Since I was indeed a “starving artist”, I realized I needed to put the artist part on the back burner and address the starving part. So I got a job. I am now a Para Pro in the Special Education department at the local school. It is a 5 minute walk from my house (bonus!). My son Jake is a Special Needs child in the 8th grade and so I do see him quite a bit – which he is not too thrilled with (one day he didn’t want me even talking to him – cuz I might embarrass him by saying, “Hi” in the hallway).
Being a Grandma has been a wonderful change in my life. Except that I don’t get to see baby Tyler as much as I would like to. He continues to be the cutest baby in the world. Caitlin shares parenting with Tyler’s father. Tyler is going to be with Daddy for Thanksgiving – which means that they won’t be here! So now the question becomes – do we go to Caitlin’s for Thanksgiving – she doesn’t even have a table in her apartment!

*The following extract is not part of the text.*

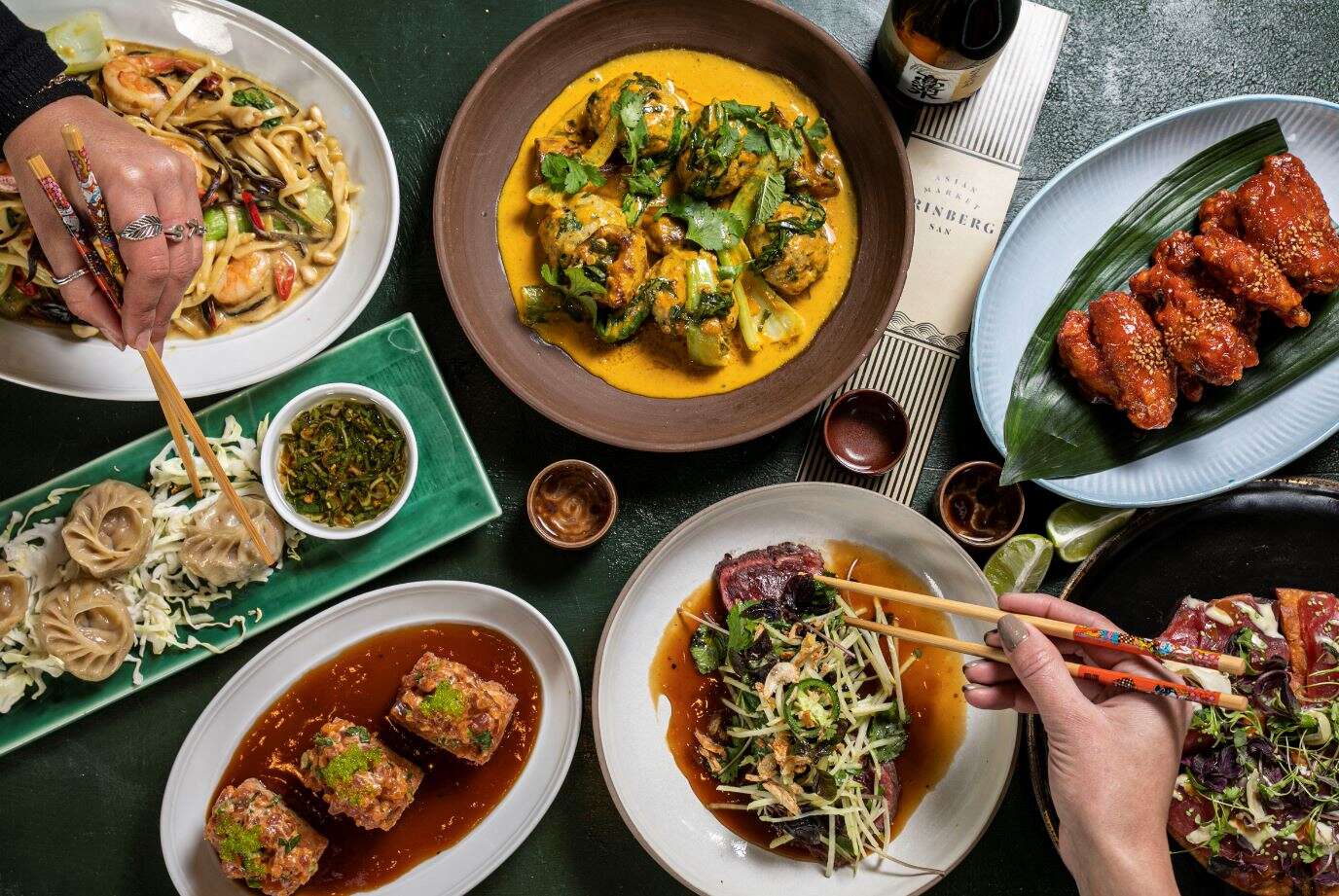 למעשה, כפי שיספר לכם צביקי עשת בעצמו בפסקאות הבאות, מדובר כאן בסוג של שלושה מקומות בתוך חלל עצום אחד. במעדניה תוכלו לקנות חומרי גלם וכלים להכנתם, החל מצירי ראמן מוכנים שהוכנו במקום ועד לבאנים קפואים. בנוסף, ישנו תפריט האוכל המוכן במקררים ובויטרינה הכולל סושי, קערות פוקי ושפע של קינוחים, באמת שפע. לבסוף, ישנו תפריט האיסוף העצמי והמשלוחים, גם הוא עצום בגודלו וכולל מנות בשריות, ראשונות ועיקריות, חלקן מבוססות על מנות ישנות מהתפריט של גרינברג וחלקן חדשות, כולן בעלות טוויסט אסיאתי.

And my son Asa is still in North Dakota but has a girlfriend in Florida – so there is talk about if he will be here for Thanksgiving – or Christmas – or both – or neither. What is happening to my family??!! These darn kids are messing with my traditions just because they want to have their own lives! The nerve! What am I to do?
At least I still have Jake at home – except that he is out and about so much that I rarely see him – and when I do he is a moody teenager and doesn’t want me talking to him.
My mind is trying to wrap itself around these new changes. I have to start thinking about the holidays in a different way – and it is hard. Luckily I do have time to process it all. But what about the years and years of holiday traditions? I suppose it would be best just to be truly thankful when we do get together, whether it is just two of us or the whole bunch. That would be the best tradition to have.